И тут душа как бы выступила из неё. Она взглянула со стороны на себя, на каменный пол с опрокинутыми сиденьями и подушками, но всё это казалось каким-то ненужным, и даже на свою красоту она смотрела чуждо и равнодушно.
Вдруг она почувствовала движение — снизу кто-то рвался в невидимый купол — и ворвался: это её служанки и женщины Трои взошли на Башню. Нехотя Елена стала приходить в себя и, наконец, против воли — вернулась; прозрачная стена исчезла, Вселенная отвела звёздный поблескивающий взгляд, вновь возвратилось время, звук и пространство, и домашний запах Трои, и солнечный жар, и ощущение своего тела.

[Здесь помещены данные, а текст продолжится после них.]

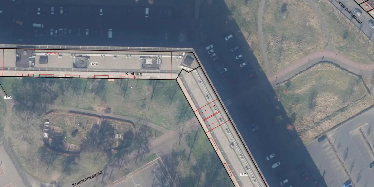 Het perceel waarop Kleiburg 935 staat heeft een oppervlakte van 1841 m². Dit is een zeer groot perceel. De perceeloppervlakte wordt geregistreerd door het Kadaster. Gedetailleerde informatie over de maten van dit perceel kunt u vinden in het rapport Kadastrale kaart met maatvoering van Kleiburg 935.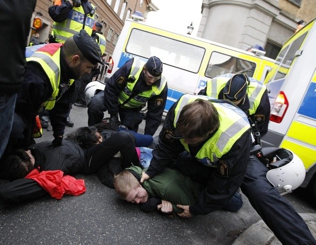 Bei einer Demonstration von Rechtsextremisten in Stockholm ist es am Samstag zu Zusammenstössen mit linksgerichteten Gegendemonstranten gekommen. Die Linken bewarfen die Teilnehmer der rechtsextremistischen Protestaktion, die sich gegen Einwanderer richtete, mit Flaschen, Eiern sowie Feuerwerkskörpern.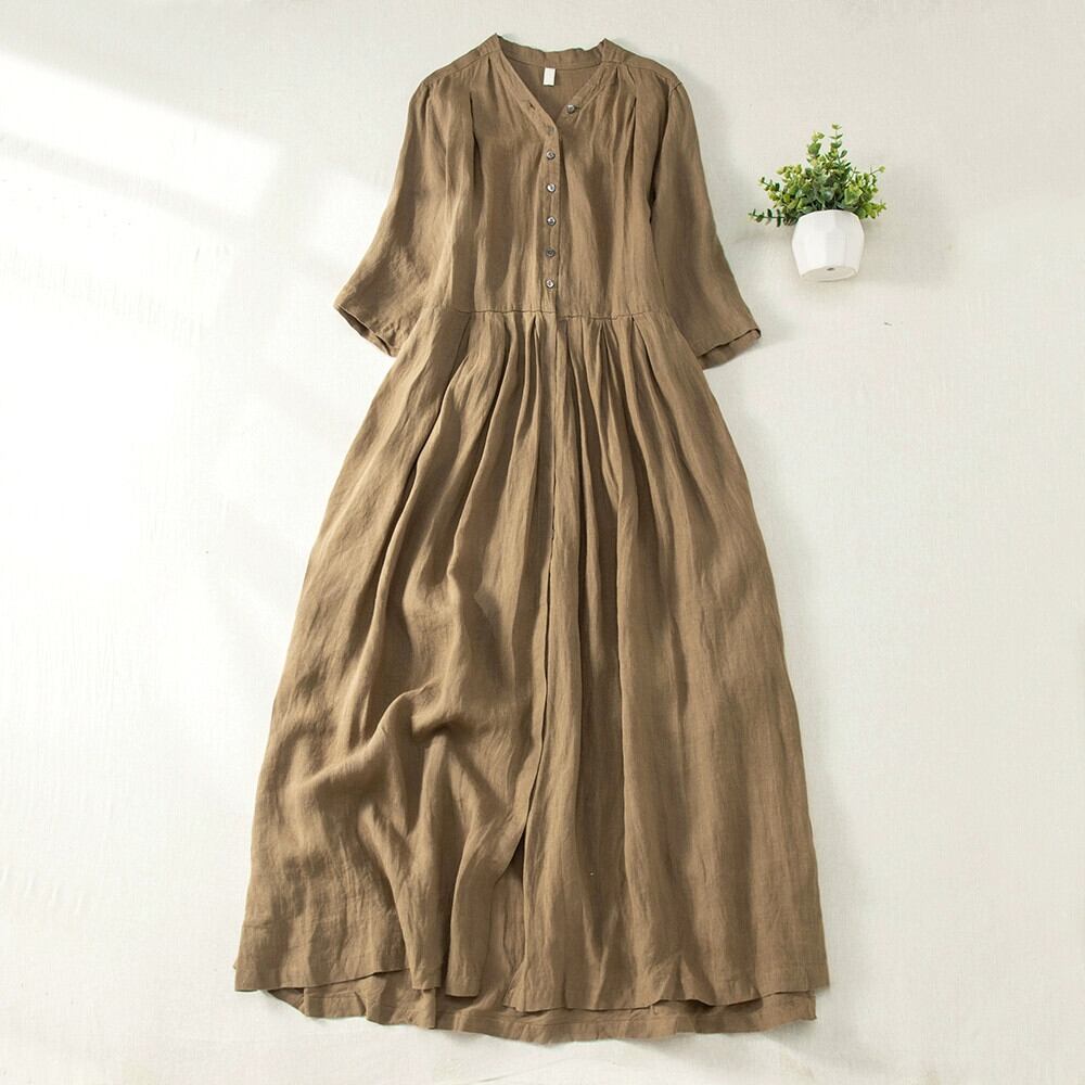 クリアランスリーク〜eseオリジナルシングルコットンリネンドレスレディース、レトロVネックハイウエスト、大きな裾、半袖、リネンAラインロングスカート ハイウェスト ショート ハーフスリーブ sine56803335215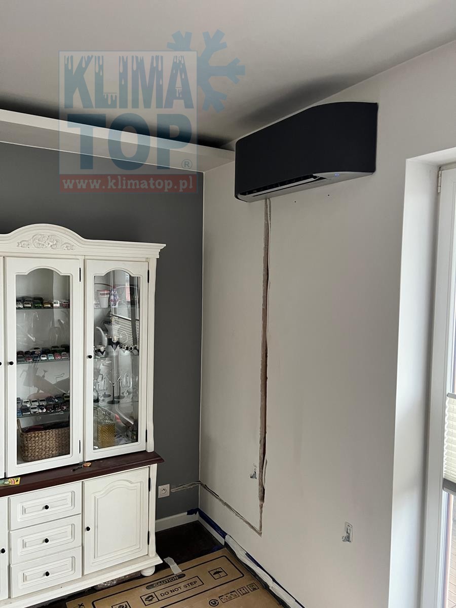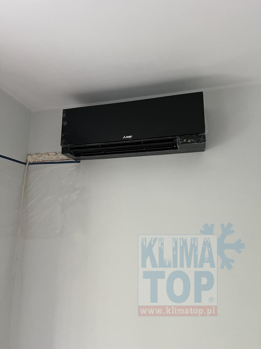 Montaż klimatyzatora Mitsubishi serii Premium, model MSZ-EF50VGKB (black) (moc chłodnicza 5,0 kW), obsługującego salon z kuchnią o łącznej powierzchni 42 m2.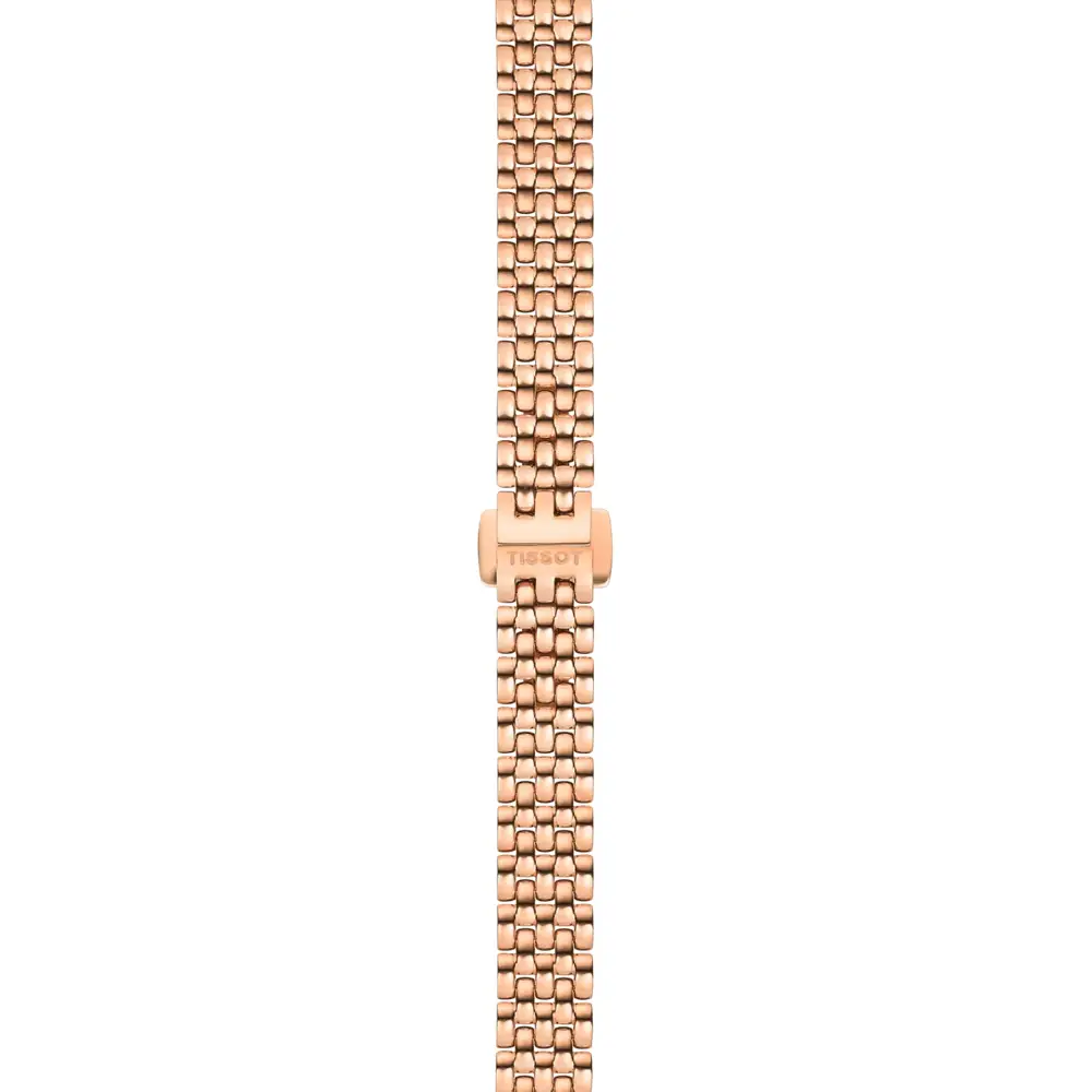 Модель Tissot Lovely T058.009.33.111.00 из коллекции «Lovely 19.5 mm» впечатляет своим утончённым, почти ювелирным стилем благодаря диаметру корпуса всего 19,5 мм. Корпус и интегрированный браслет выполнены из нержавеющей стали 316L с розово-золотым PVD-покрытием, что придает часам роскошный и изысканный вид. Циферблат из натурального перламутра создает нежные переливы, и каждый экземпляр выглядит уникально.

О чём-то её спрашивали, но царица не слушала и не отвечала. Она смотрела на поле боя с таким напряжённым вниманием, что все невольно обратились туда. Говор умолк.
Своими зоркими, словно у орлицы, очами, Елена видела, как меж двух отсвечивающих бронзой громад войска, едет царская колесница, лёгкая, блещущая золотом, крепкая, точно лук.
Вместе с Приамом стоял Антенор. И пока они ехали, войска безмолвно провожали их взглядами от Скейских ворот.
Колесницы остановились.
Приам со спутником сошли на землю.
Елена видела, как Агамемнон и Одиссей выступили навстречу к ним.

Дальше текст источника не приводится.